▶ Your task: Return the data word for word. Pictures are to be omitted.

▶ Material to process:
_ _ _ _ _

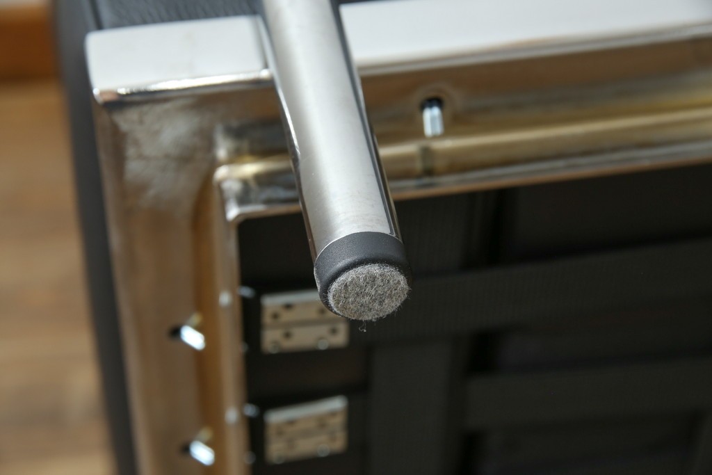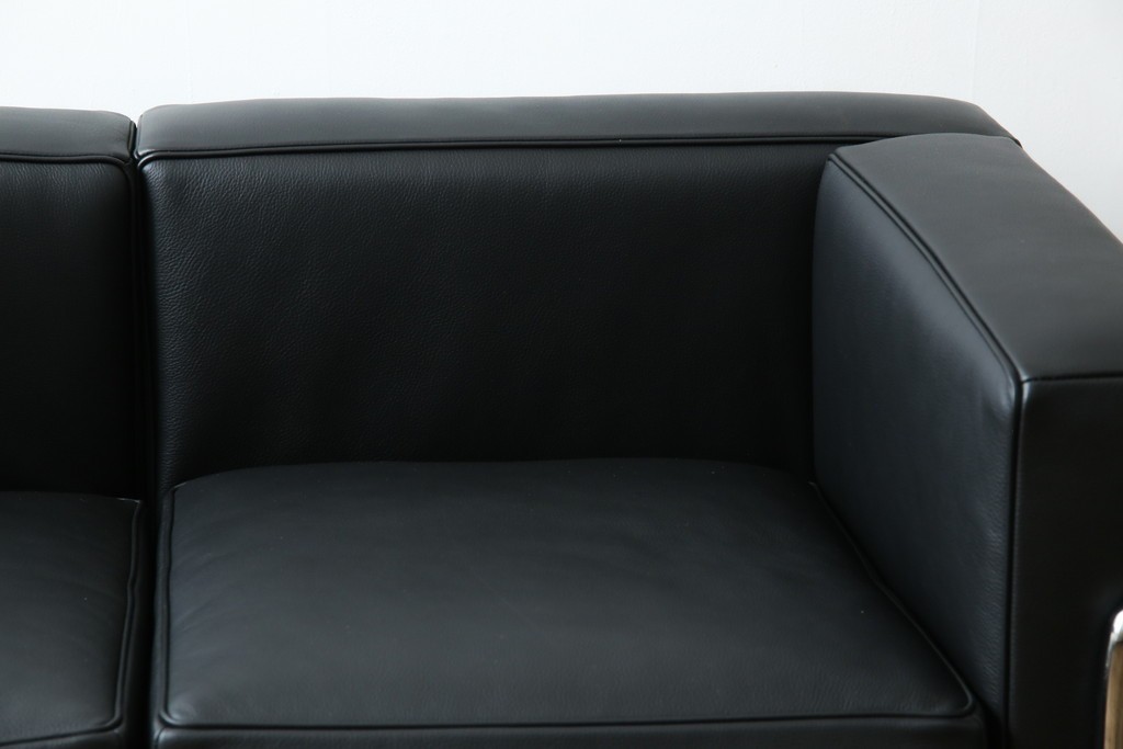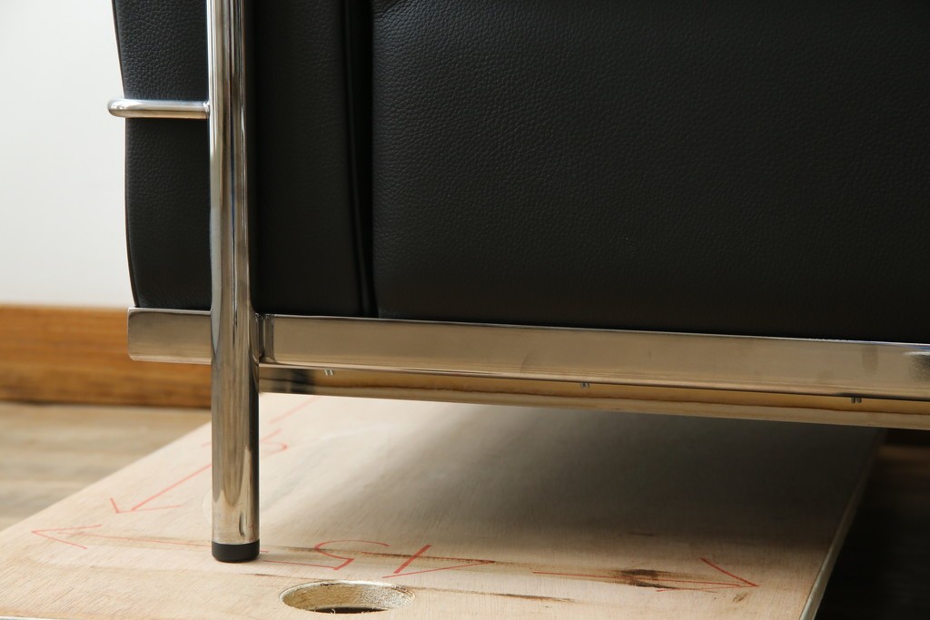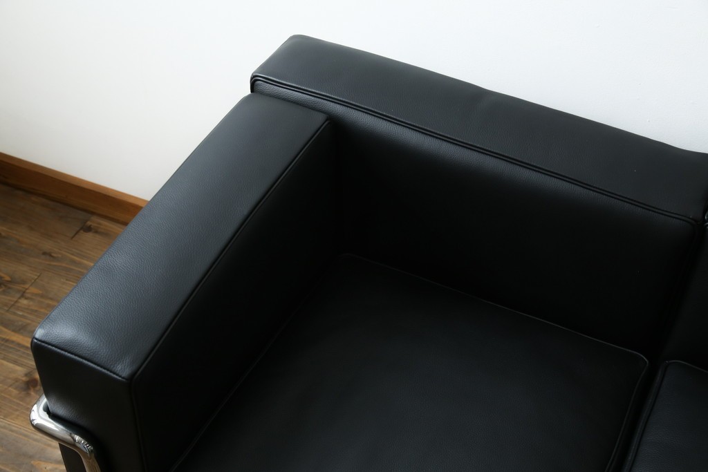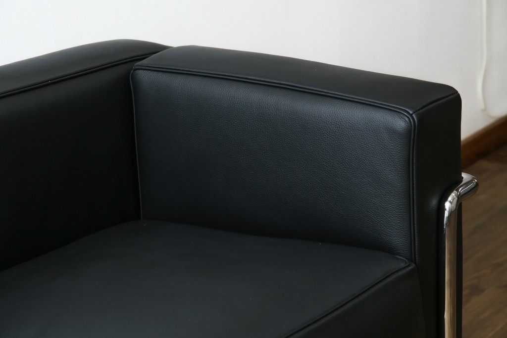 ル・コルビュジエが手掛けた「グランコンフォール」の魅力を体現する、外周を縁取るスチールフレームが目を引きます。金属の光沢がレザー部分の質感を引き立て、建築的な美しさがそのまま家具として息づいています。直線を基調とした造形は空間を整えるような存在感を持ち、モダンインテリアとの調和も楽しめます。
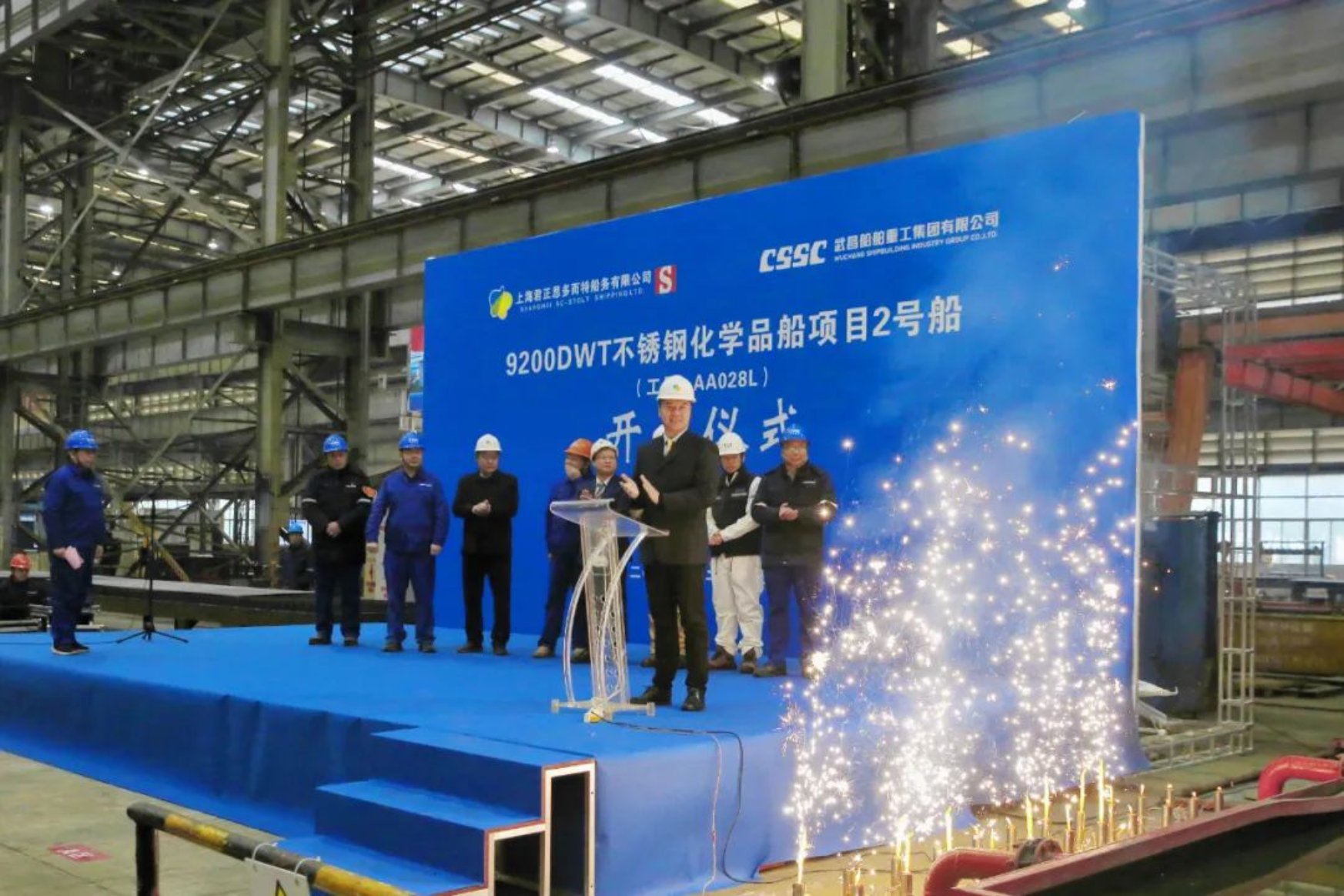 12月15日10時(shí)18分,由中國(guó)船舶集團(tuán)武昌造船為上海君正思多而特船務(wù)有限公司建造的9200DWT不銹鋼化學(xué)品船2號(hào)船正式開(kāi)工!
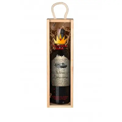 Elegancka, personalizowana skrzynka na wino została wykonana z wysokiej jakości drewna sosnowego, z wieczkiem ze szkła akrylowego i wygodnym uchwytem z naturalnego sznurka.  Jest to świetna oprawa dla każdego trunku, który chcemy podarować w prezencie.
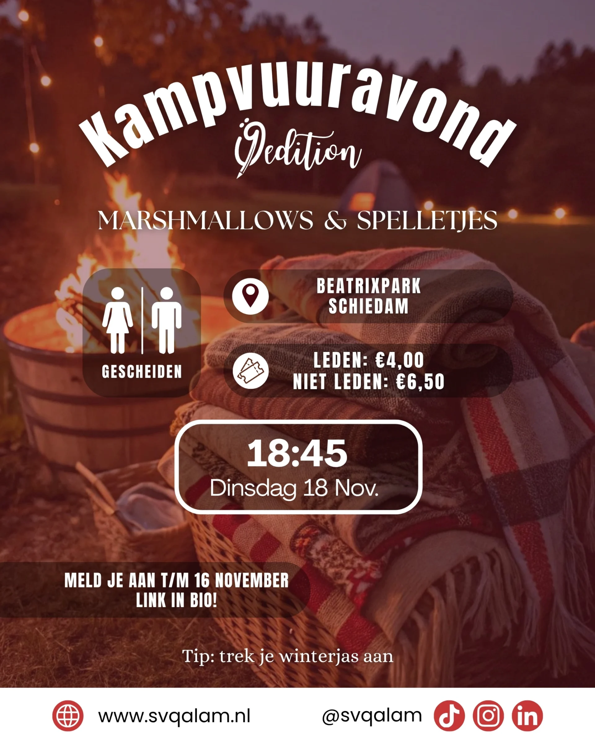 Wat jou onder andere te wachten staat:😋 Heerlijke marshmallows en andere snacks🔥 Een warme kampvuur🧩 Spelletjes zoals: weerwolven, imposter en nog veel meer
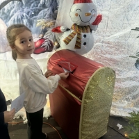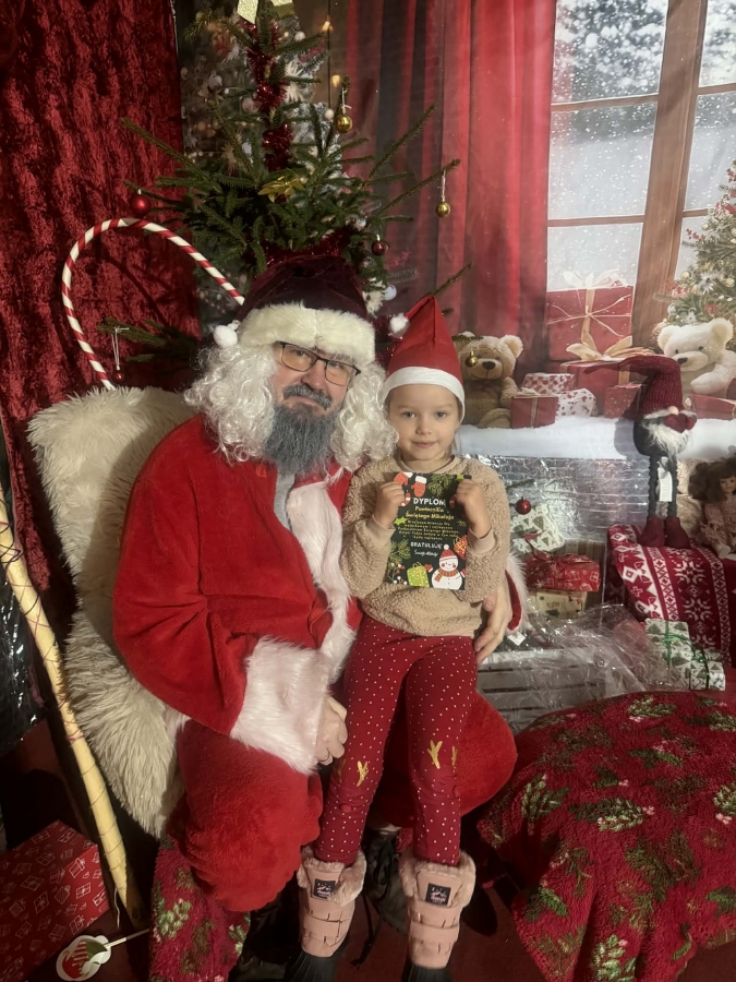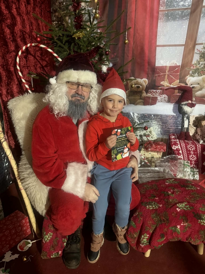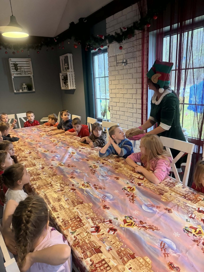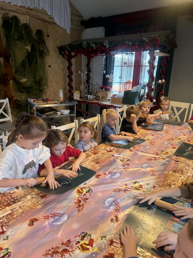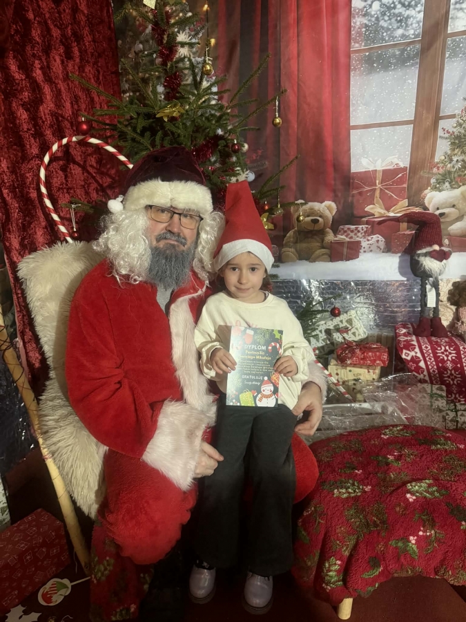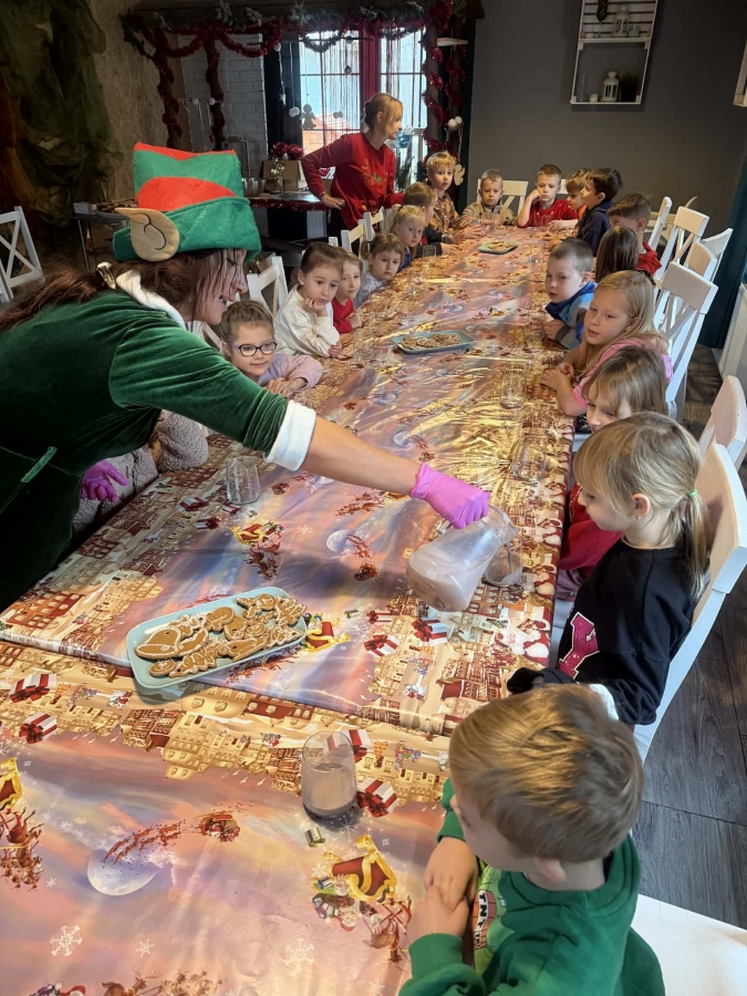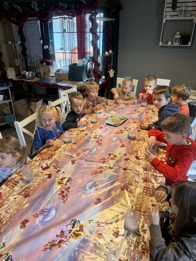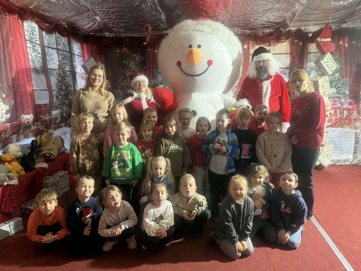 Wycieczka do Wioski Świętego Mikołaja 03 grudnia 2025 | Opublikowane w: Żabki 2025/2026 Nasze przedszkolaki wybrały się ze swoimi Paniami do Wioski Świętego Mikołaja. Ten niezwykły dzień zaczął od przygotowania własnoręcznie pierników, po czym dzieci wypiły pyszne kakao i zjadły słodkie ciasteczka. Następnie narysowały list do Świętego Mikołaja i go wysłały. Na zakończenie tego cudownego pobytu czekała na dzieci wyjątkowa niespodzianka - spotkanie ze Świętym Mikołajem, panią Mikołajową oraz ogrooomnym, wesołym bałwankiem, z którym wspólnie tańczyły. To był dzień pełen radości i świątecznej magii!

_ _ _ _ _

▶ Solution to the problem:
 ル・コルビュジエが手掛けた「グランコンフォール」の魅力を体現する、外周を縁取るスチールフレームが目を引きます。金属の光沢がレザー部分の質感を引き立て、建築的な美しさがそのまま家具として息づいています。直線を基調とした造形は空間を整えるような存在感を持ち、モダンインテリアとの調和も楽しめます。
 12月15日10時(shí)18分,由中國(guó)船舶集團(tuán)武昌造船為上海君正思多而特船務(wù)有限公司建造的9200DWT不銹鋼化學(xué)品船2號(hào)船正式開(kāi)工!
 Elegancka, personalizowana skrzynka na wino została wykonana z wysokiej jakości drewna sosnowego, z wieczkiem ze szkła akrylowego i wygodnym uchwytem z naturalnego sznurka.  Jest to świetna oprawa dla każdego trunku, który chcemy podarować w prezencie.
 Wat jou onder andere te wachten staat:😋 Heerlijke marshmallows en andere snacks🔥 Een warme kampvuur🧩 Spelletjes zoals: weerwolven, imposter en nog veel meer
 Wycieczka do Wioski Świętego Mikołaja 03 grudnia 2025 | Opublikowane w: Żabki 2025/2026 Nasze przedszkolaki wybrały się ze swoimi Paniami do Wioski Świętego Mikołaja. Ten niezwykły dzień zaczął od przygotowania własnoręcznie pierników, po czym dzieci wypiły pyszne kakao i zjadły słodkie ciasteczka. Następnie narysowały list do Świętego Mikołaja i go wysłały. Na zakończenie tego cudownego pobytu czekała na dzieci wyjątkowa niespodzianka - spotkanie ze Świętym Mikołajem, panią Mikołajową oraz ogrooomnym, wesołym bałwankiem, z którym wspólnie tańczyły. To był dzień pełen radości i świątecznej magii!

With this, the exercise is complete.